INDONESIA | Saturday, 9 August 2014 | Views [455]

Day 9.  Bukit Lawang to Danau Toba

 

This morning Retno picked us up at 6:30 am for the drive from Bukit Lawang to Danau Toba.  From the car, this is what I saw:

An albino school boy coming out of the school yard with friends.  School finishes at midday on Saturdays.

An abandoned truck stuck in a deep ditch.

Many large pot holes.  We drove around them into oncoming traffic.

Man riding motorbike with his helmet tucked under his arm.

A man walking along the road wearing a motorbike helmet.  (He probably takes it off when he gets on the motorbike).  J

Motorbike loaded with leaves.  Driver leaning over the pile, just able to reach handlebars.

Petrol is 65 cents per litre.

Diesel is 55 cents.

An egg truck and a motorbike piled high with trays of eggs.

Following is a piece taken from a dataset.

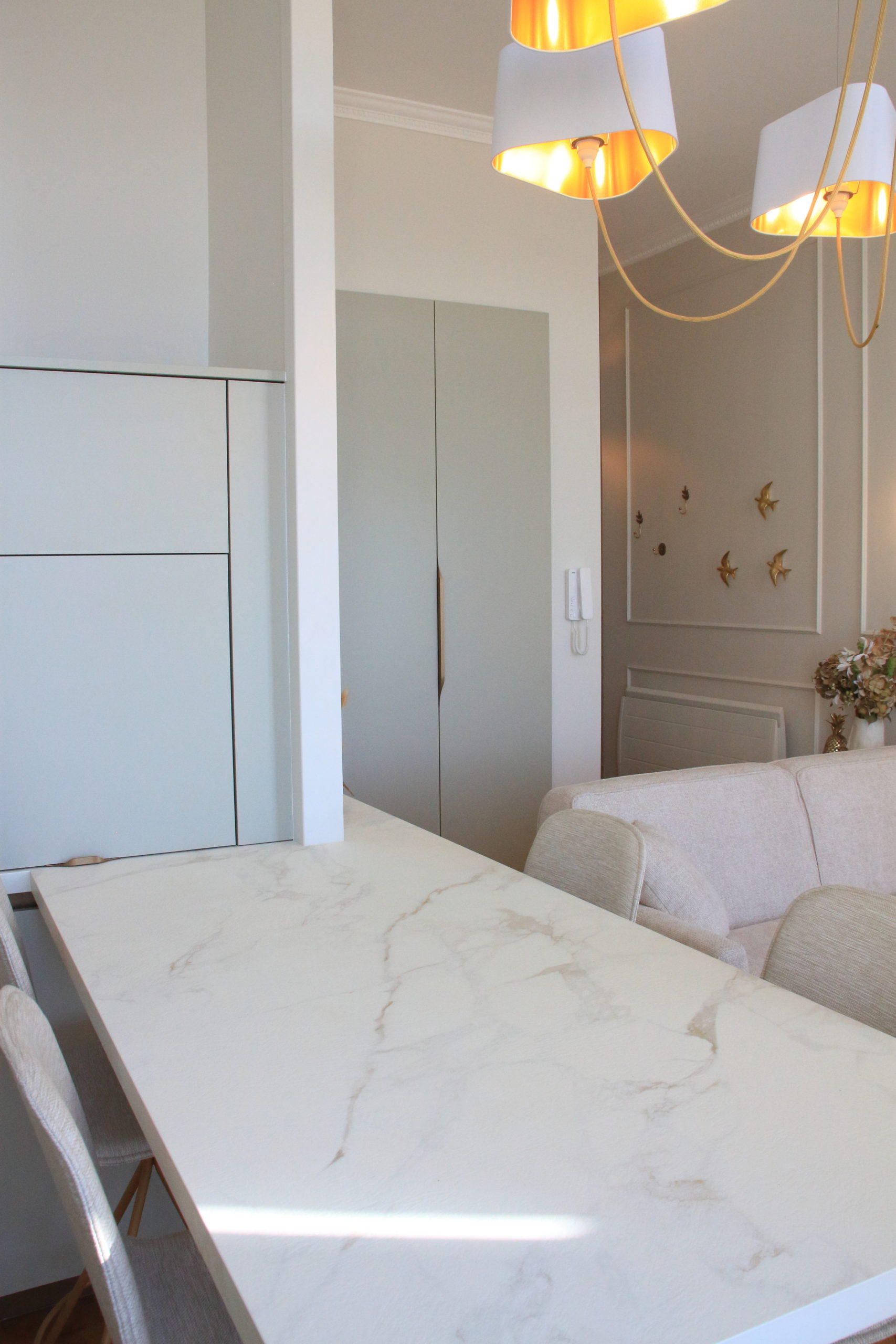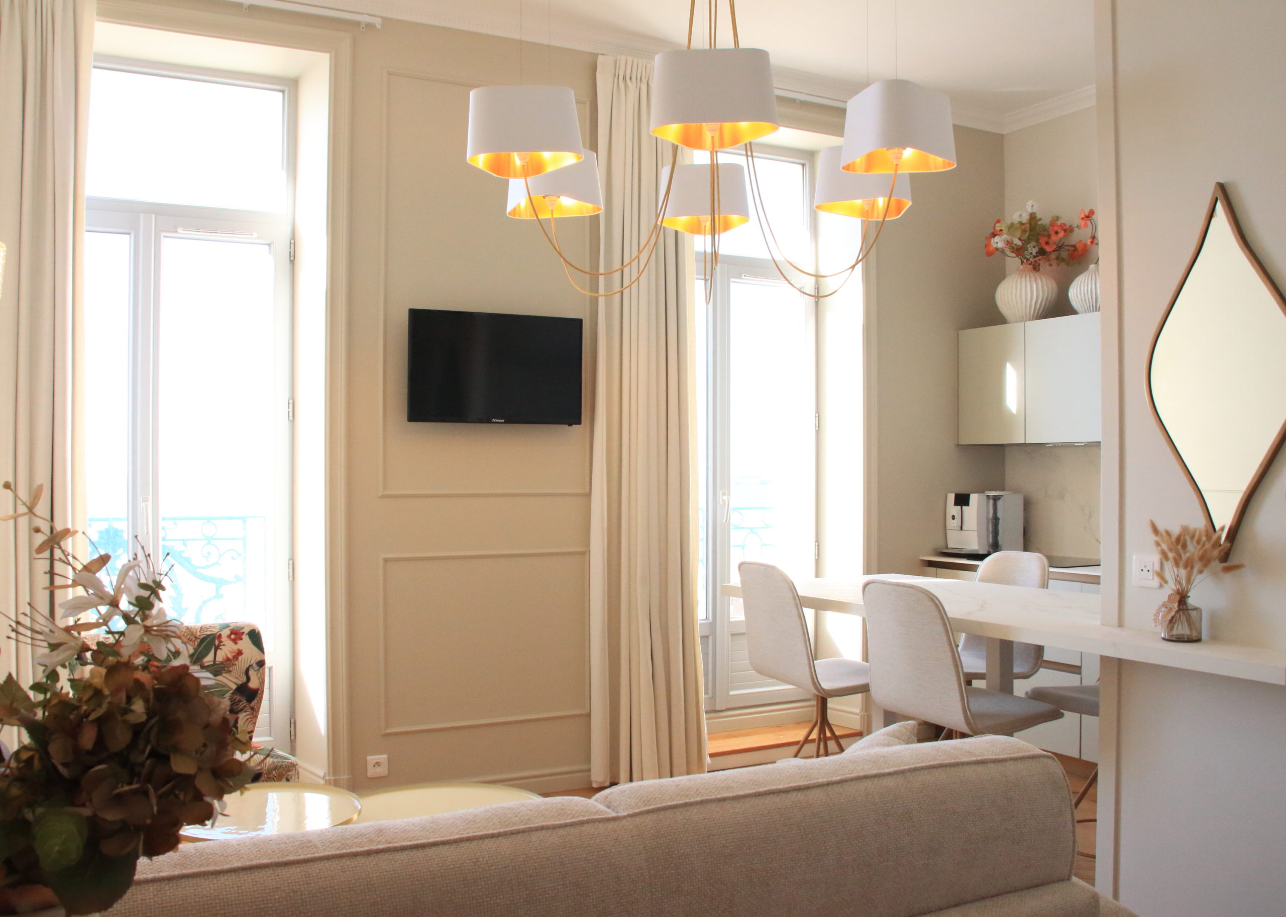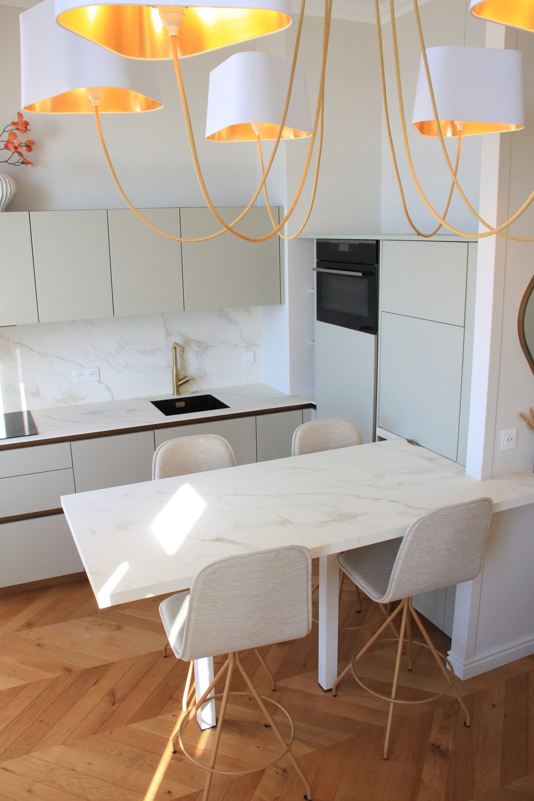 Le choix des luminaires très sculpturaux a été la touche finale pour mettre en valeur la belle hauteur sous plafond.

A t-shirt reading: Burgerkill.

Caged bats hanging upside down beside the road.

An AQUA factory.

A red Holden.

Several HIV Aids billboards.

A restaurant called Bill Clinton.

Yellow trumpet flowers.

Cigarette billboard:  Gentlemen, this is taste!

A cabbage town.

A skinny old lady pushing a wheelbarrow full of wood up a steep grassy hill with a 45 degree incline.

A family having a picnic inside the hairpin bend of a very steep road.

Six big trees fallen halfway across the road.

A deserted hotel in the shape of a giant fish.

The worst thing I saw today was live dogs for sale to be eaten.  They sat calmly in the heat on the side of the road, watching the world go by, enclosed neck-deep in bags, awaiting their fate.

 

Retno dropped us in the port town of Parapat on the edge of Lake Toba (Danau Toba).  We took a boat to Samosir Cottages where we were greeted by a man who called himself Doctor Bloom (because his Indonesian name means ‘flower’).  He greeted us with ‘Welcome Home’ and told Dave to help himself to a beer from the fridge while he showed Dan and I a few rooms.  We chose rooms with private balconies with a view of the lake for 225,000 Rupiah – about $22.

We chose to stay at this hotel because it has traditional Batak dancing on tonight.  Dave and I got pulled onto the dancefloor to follow a very simple dance with prayer-like hand movements.  One performer played a wooden flute and did an incredible whistle, probably only possible due to his missing tooth.  Another male performer had an angelic singing voice and even yodelled!  Doctor Bloom played guitar and a two-stringed Batak mandolin.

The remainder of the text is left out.